This repo is intended for instructors or for self-directed students to generate materials for the workshop.
- Download the repo.
- Start a new project in RStudio: File > New Project... then New Directory, name the project (suggestion: RTraining) and save somewhere on your computer
- Open the script
00_r_project_setup.R
and run it. This will make a standardised directory structure in your project folder. - Next, open
01_simulate_data.R
and run that. This will generate a series of data files to use in the workshop. They are saved inOutput/Data/
These steps will help you to familiarise yourself with the directory structure used in the workshop. You can, skip straight from step 1 to using the zip file of example data, Data.zip
Assuming all participants bring their own laptops, let them know that they meed to download and install R and RStudio ahead of the workshop. Any installation of packages can be done during the session.

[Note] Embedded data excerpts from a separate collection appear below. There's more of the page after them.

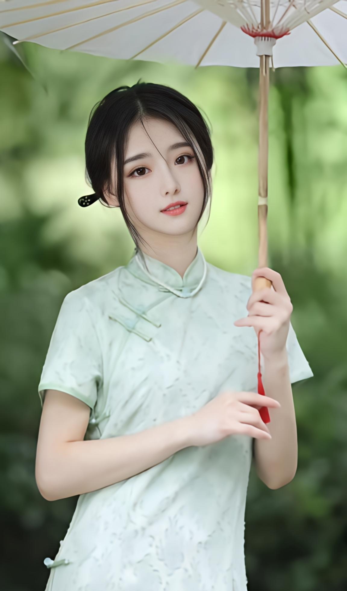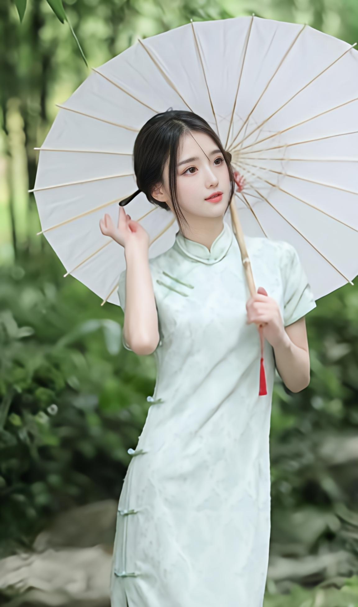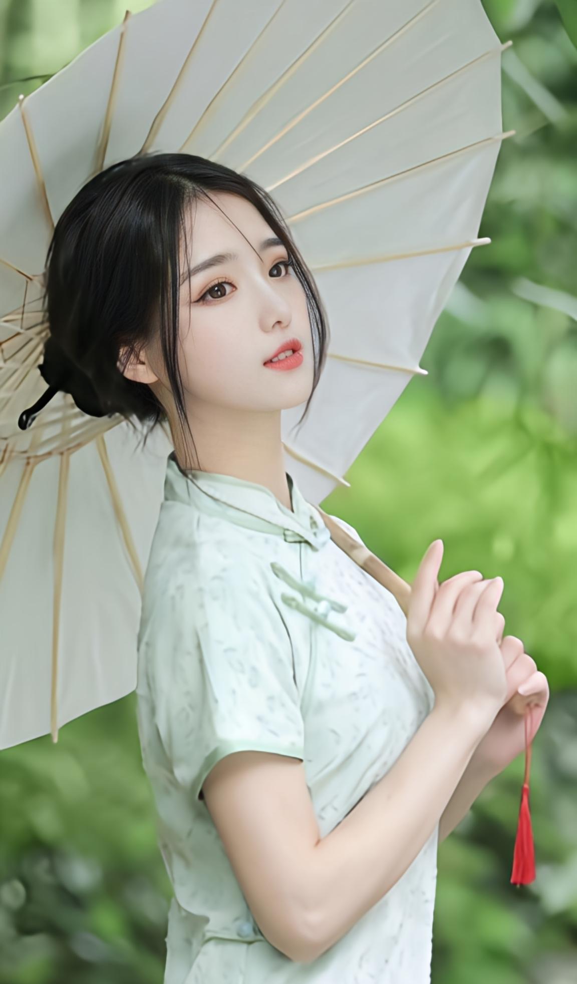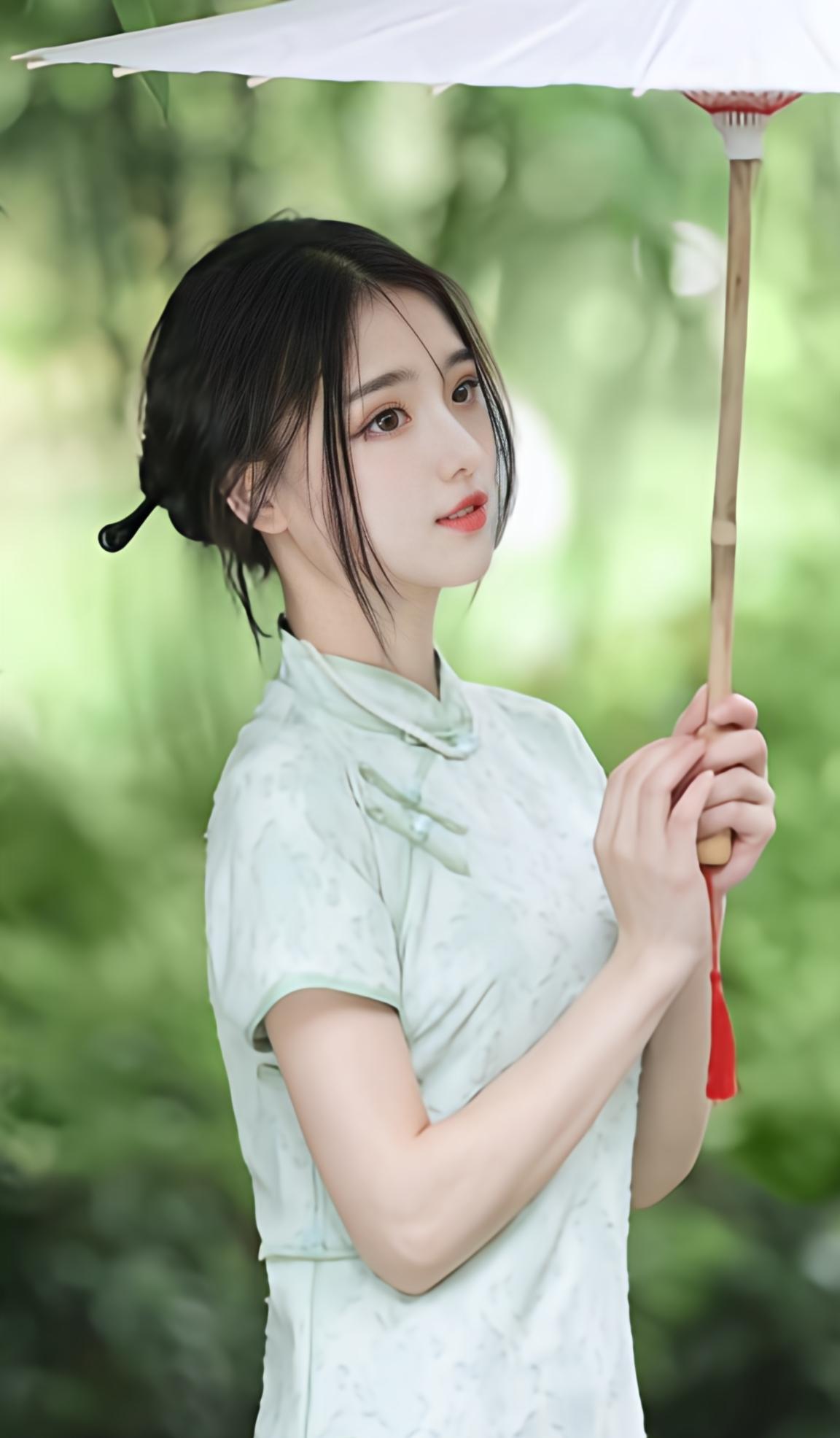 古典美人撑伞图,绿意盎然,清新脱俗古风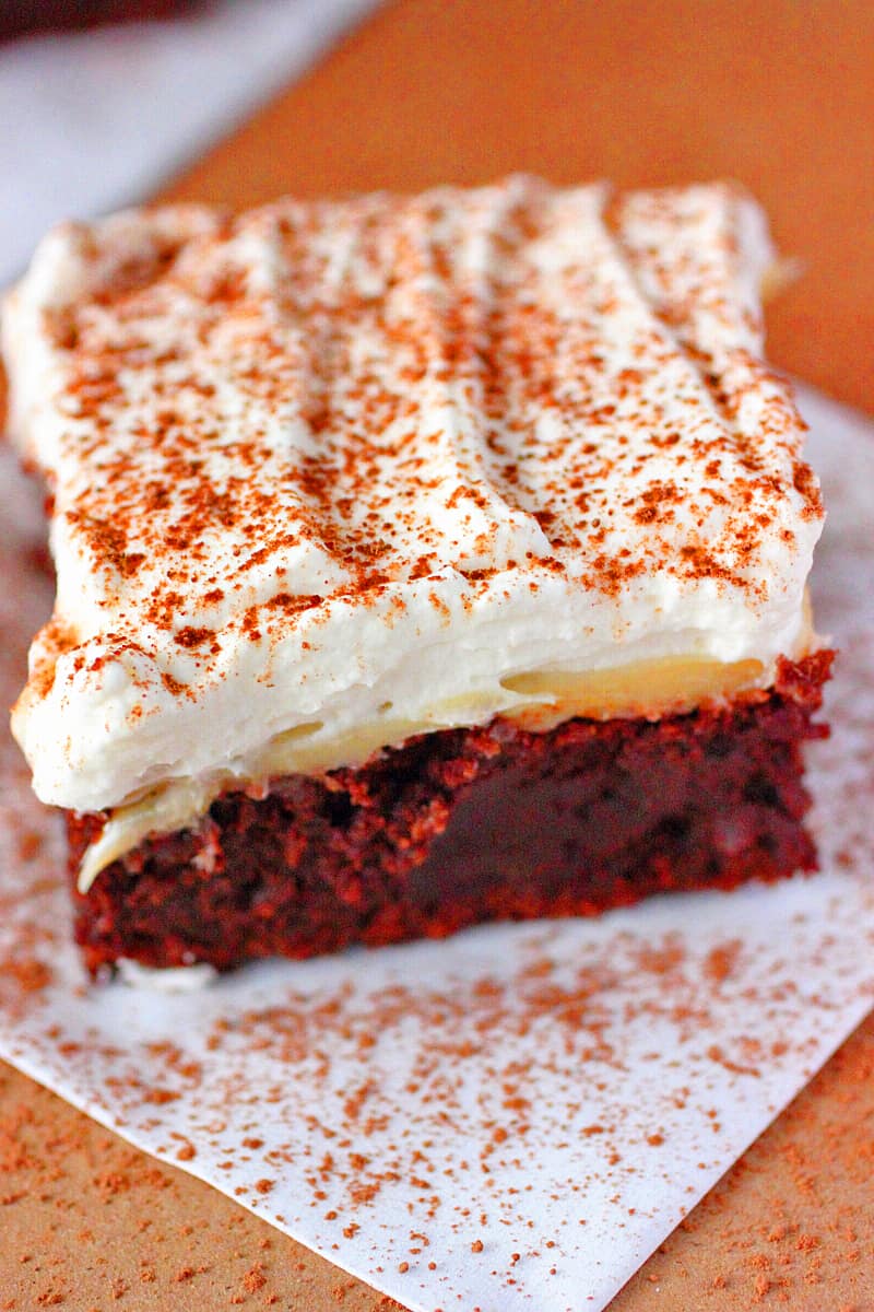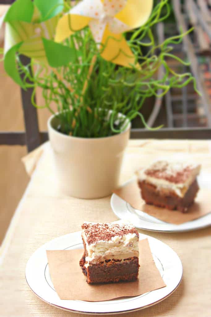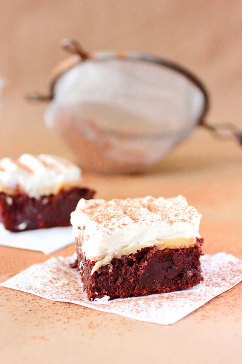 - Spread the mascarpone whipped cream on top of the cooled brownies and dust with cocoa powder (optional).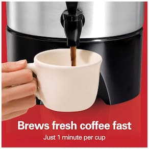 A Urna de Café Hamilton Beach 45 Xícaras apresenta aquecimento rápido, possibilitando preparo de uma xícara em cerca de 1 minuto, totalizando até 45 xícaras em 28 minutos. Equipado com sistema de aquecimento duplo, mantém o café quente por longo período sem superaquecer ou queimar, preservando a qualidade do sabor. O dispensador com alavanca de fácil uso permite servir com uma só mão, compatível com copos descartáveis e reutilizáveis.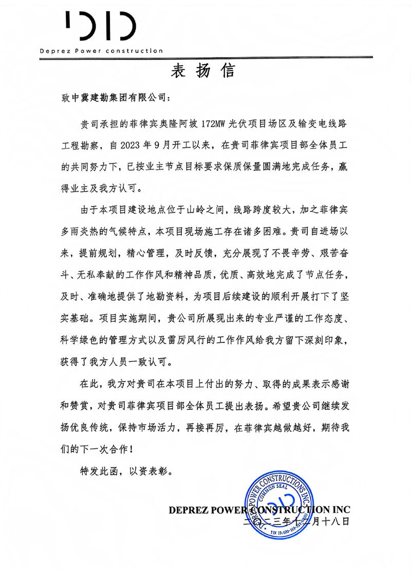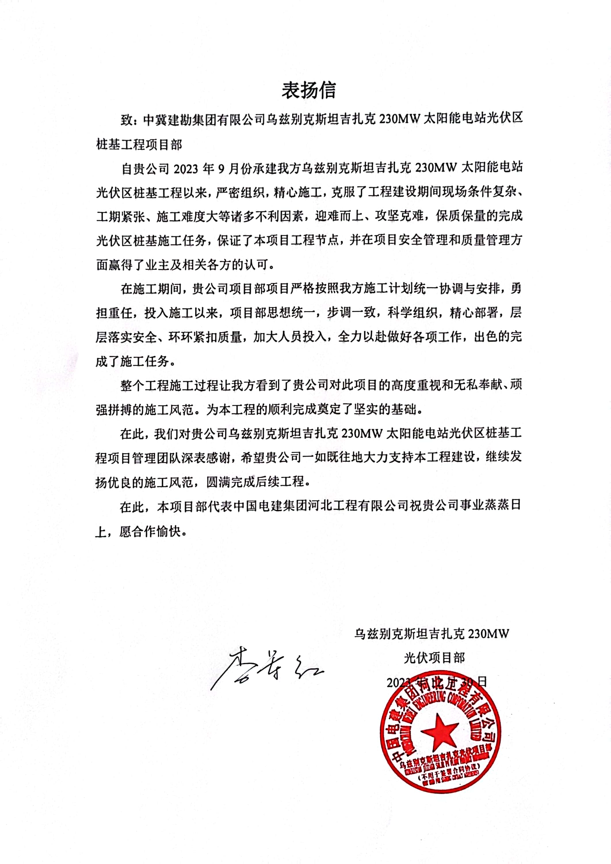 中國電建集團(tuán)河北工程有限公司發(fā)來的表揚(yáng)信,對在烏茲別克斯坦吉扎克230MW太陽能電站光伏項(xiàng)目施工期間,項(xiàng)目部思想統(tǒng)一,科學(xué)組織,精心部署,層層落實(shí)安全、環(huán)環(huán)緊扣質(zhì)量,全力以赴做好各項(xiàng)工作的奮斗精神,給予了高度評價(jià)和感謝。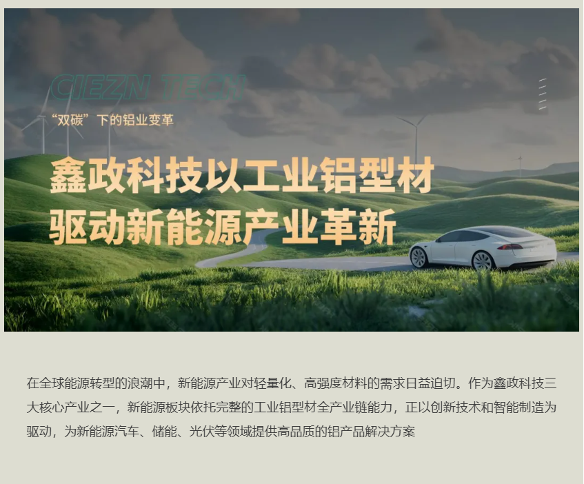 立足當下,展望未來。鑫政科技將繼續(xù)深耕工業(yè)鋁型材領域,以技術(shù)創(chuàng)新為驅(qū)動,以客戶需求為導向,在新能源產(chǎn)業(yè)的廣闊藍海中,與合作伙伴攜手共進,推動中國新材料創(chuàng)新與發(fā)展。

The files you generated above need to be made available to the participants. Suggestion: make a compressed archive (zip) and send to the students prior to or during the workshop. They will also need the scripts 00_r_project_setup.R
and 02_training.R
, so distribute these at the same time.
Three concepts need to be introduced:
Emphasise reproducibility, automation, and publication-quality graphics.
A typical experiment involves setting up cells, imaging them on the microscope, analysing the images in Fiji, and the output is plain text files, one for each image. To make a figure, we need to process all of these text files and turn them into publication-quality figures using R.
We need to:
- Read in the data
- Do some calculations or processing (optional)
- Make some plots
See here for more details.
Depending on the experience of the group, other concepts may need introducing: RStudio as an IDE (what the different panes are for), R as a language, scripting, 1-based vs 0-based languages.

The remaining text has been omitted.